(Data block Opens)

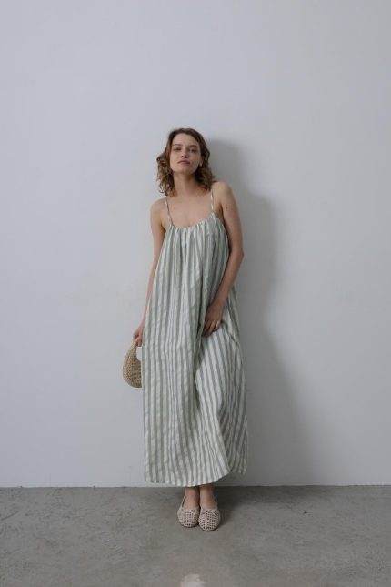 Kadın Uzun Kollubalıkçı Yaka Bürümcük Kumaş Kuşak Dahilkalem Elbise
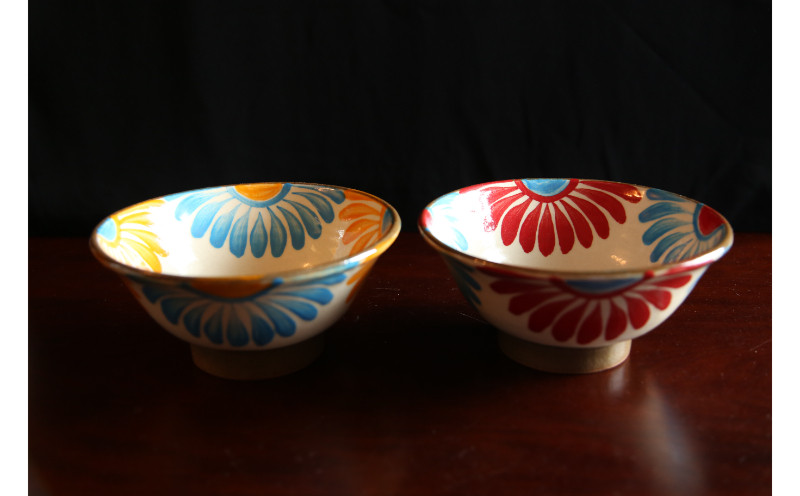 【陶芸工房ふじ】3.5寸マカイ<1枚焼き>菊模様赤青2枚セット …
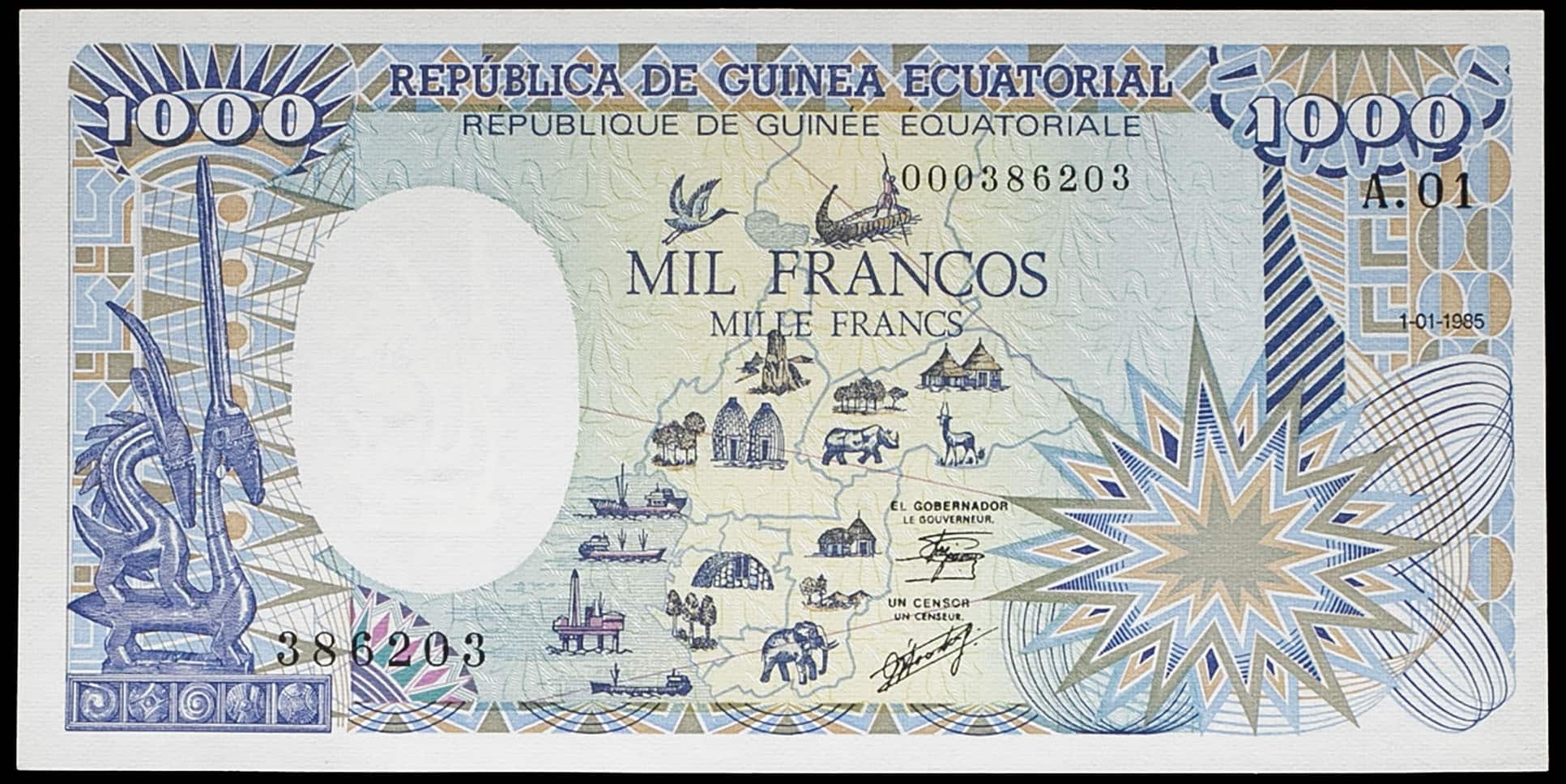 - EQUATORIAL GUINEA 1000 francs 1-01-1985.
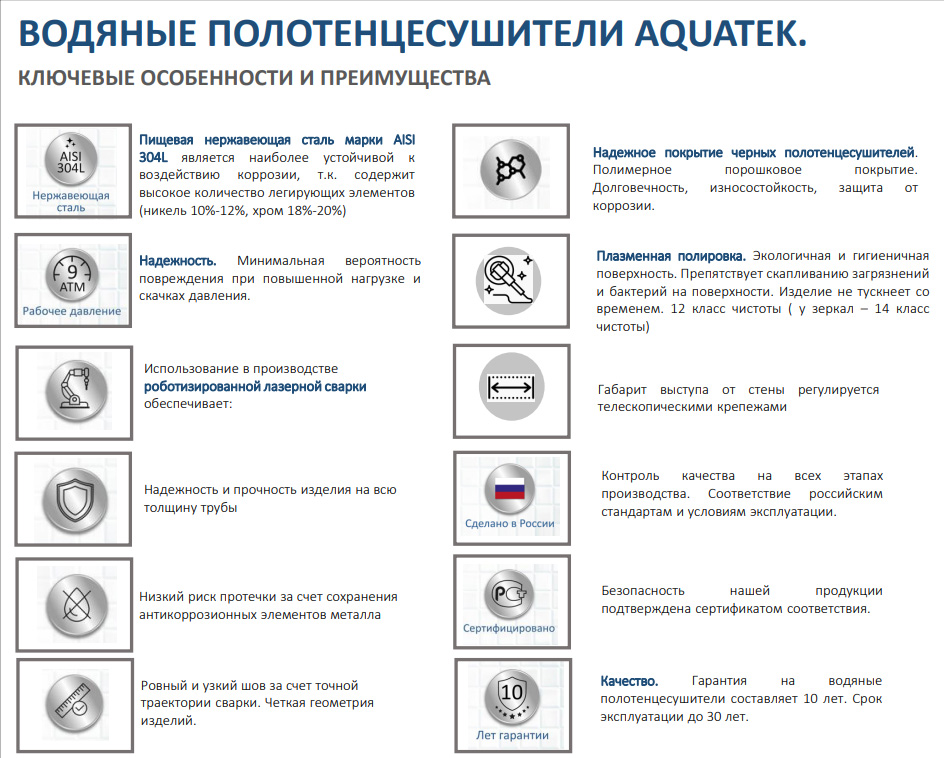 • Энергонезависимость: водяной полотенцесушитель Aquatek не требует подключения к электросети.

(Data block Closes)

**Your assignment**: Would you give the data above again word for word, minus the pictures?

**Output for this exercise**:
 Kadın Uzun Kollubalıkçı Yaka Bürümcük Kumaş Kuşak Dahilkalem Elbise
 【陶芸工房ふじ】3.5寸マカイ<1枚焼き>菊模様赤青2枚セット …
 - EQUATORIAL GUINEA 1000 francs 1-01-1985.
 • Энергонезависимость: водяной полотенцесушитель Aquatek не требует подключения к электросети.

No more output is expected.